Use `read_ipums_sf()` to load spatial data from any of these sources as an
`sf` object from `{sf}`.

`read_ipums_sf()` also supports the loading of spatial files within .zip
archives and the `file_select` syntax for file selection when multiple internal
files are present.

```{r, eval = requireNamespace("sf")}
nhgis_shp_file <- ipums_example("nhgis0972_shape_small.zip")

shp_data <- read_ipums_sf(nhgis_shp_file)

head(shp_data)
```

These data can then be joined to associated tabular data. To preserve
IPUMS attributes from the tabular data used in the join, use
an `ipums_shape_*_join()` function:

```{r, eval = requireNamespace("sf")}
joined_data <- ipums_shape_left_join(
  nhgis_data,
  shp_data,
  by = "GISJOIN"
)

attributes(joined_data$MSA_CMSAA)
```

For NHGIS data, the join code typically corresponds to the `GISJOIN`
variable. However, for microdata projects, the variable name used for a
geographic level in the tabular data may differ from that in the spatial
data.
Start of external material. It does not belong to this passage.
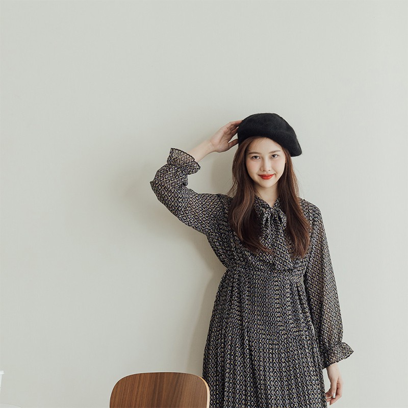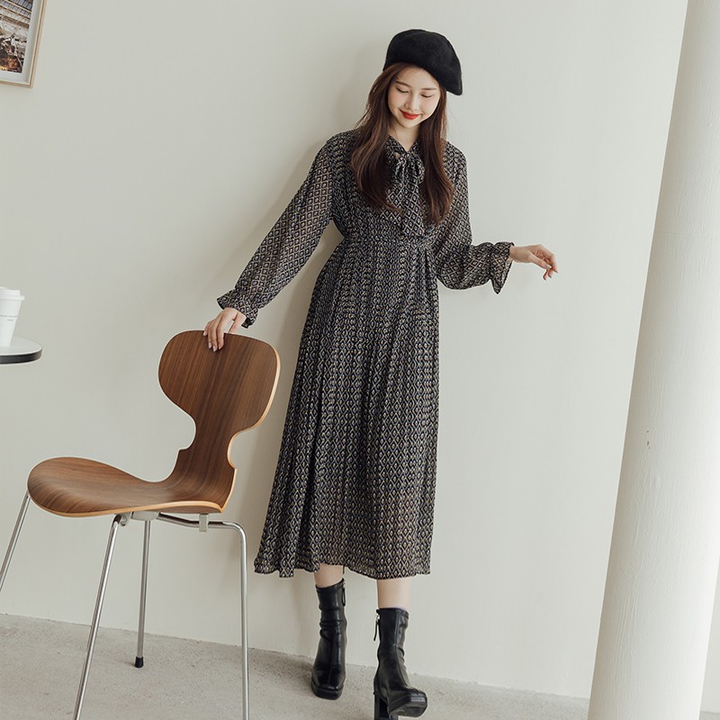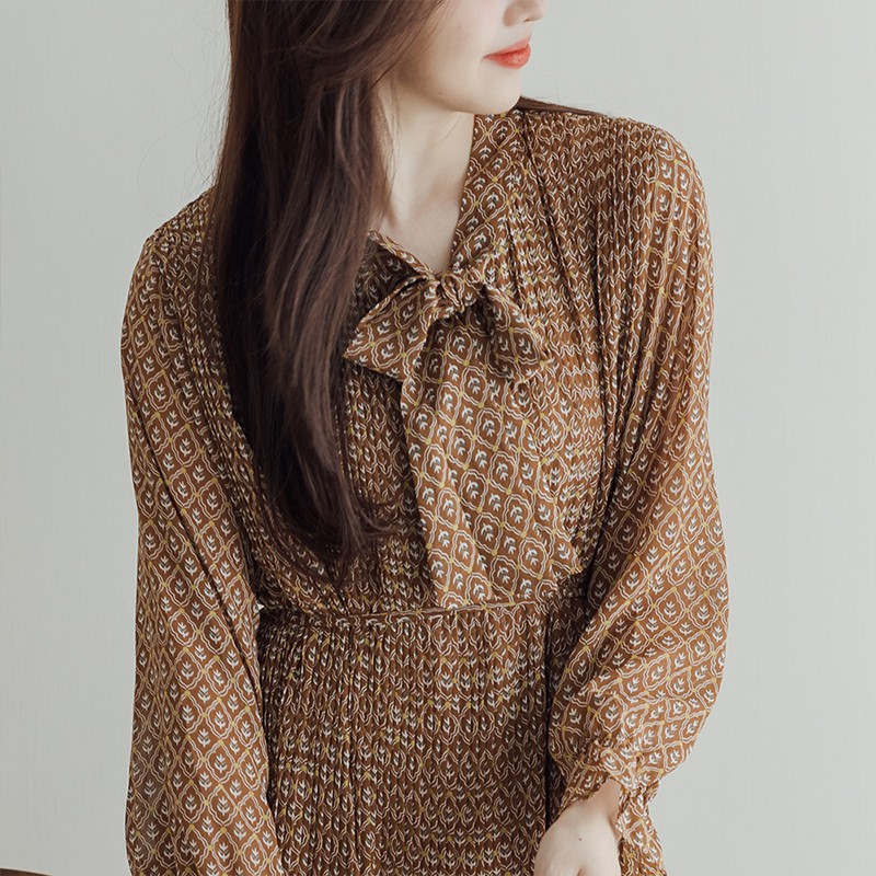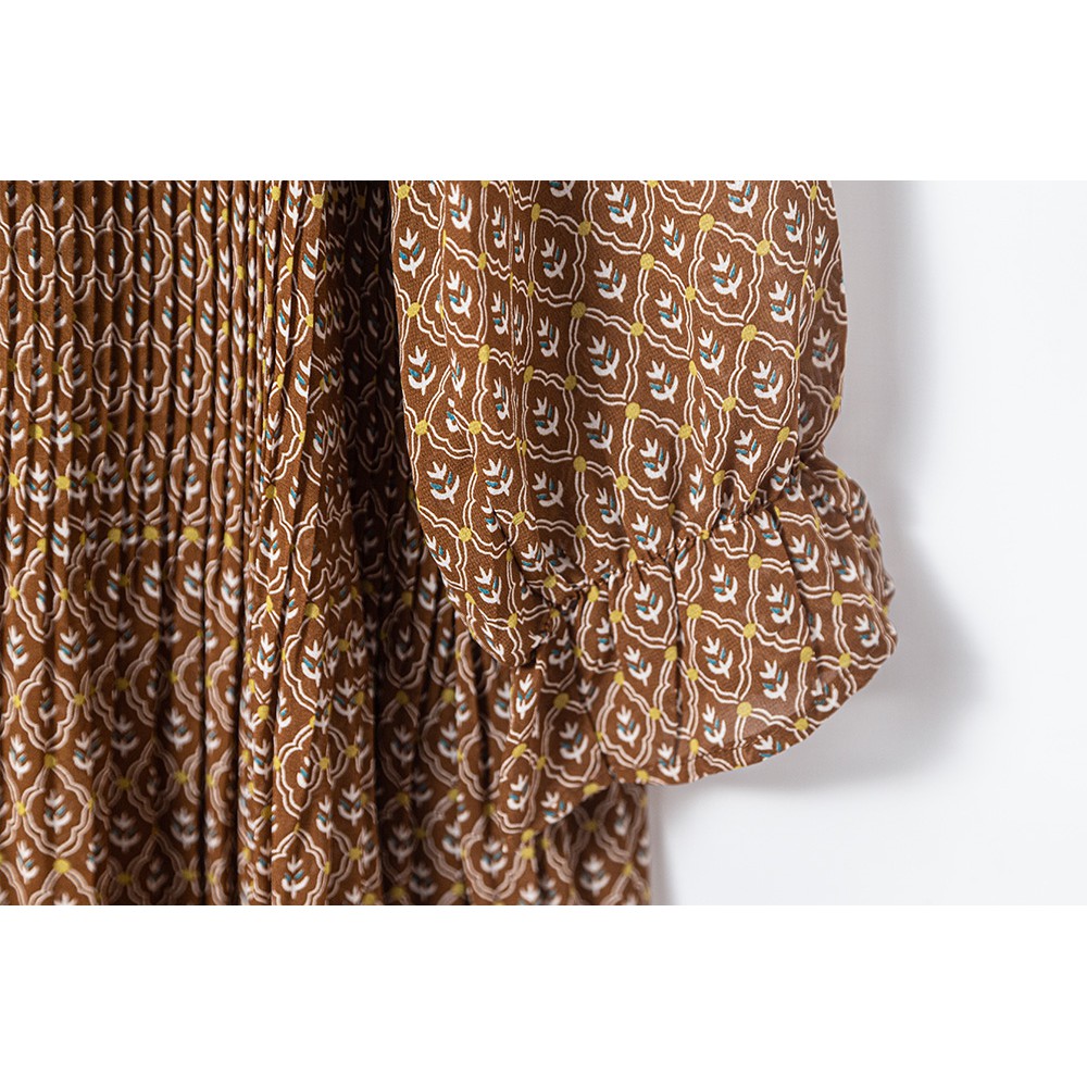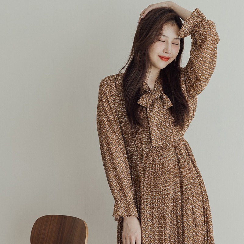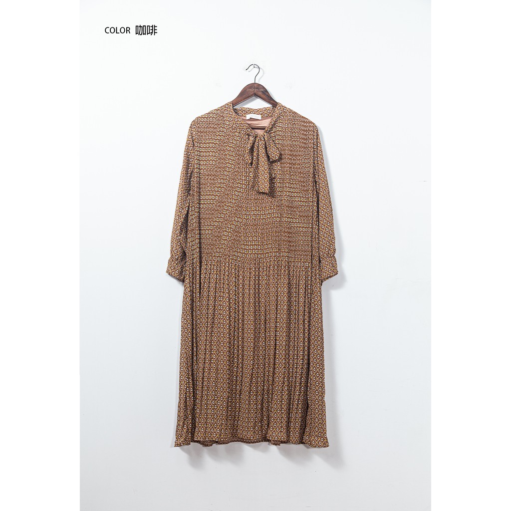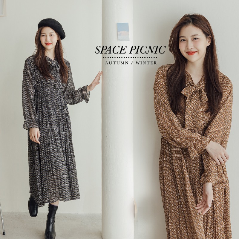 Space Picnic|圖騰綁帶百摺洋裝-附綁繩【C21082068】

Consult the documentation and metadata for these files to identify
the correct join columns and use the `by` argument to join on these
columns.

Once joined, data include both statistical and spatial information along
with the variable metadata.

### Harmonized vs. non-harmonized data

Longitudinal analysis of geographic data is complicated by the fact that
geographic boundaries shift over time. IPUMS therefore provides multiple
types of spatial data:

-   Harmonized (also called "integrated" or "consistent") files have
    been made consistent over time by combining geographies that share
    area for different time periods.
-   Non-harmonized, or year-specific, files represent geographies at a
    specific point in time.

Furthermore, some NHGIS time series tables have been standardized such
that the statistics have been adjusted to apply to a year-specific
geographical boundary.

When using spatial data, it is important to consult the project-specific
documentation to ensure you are using the most appropriate boundaries
for your research question and the data included in your analysis. As
always, documentation for the IPUMS project you're working with should
explain the different options available.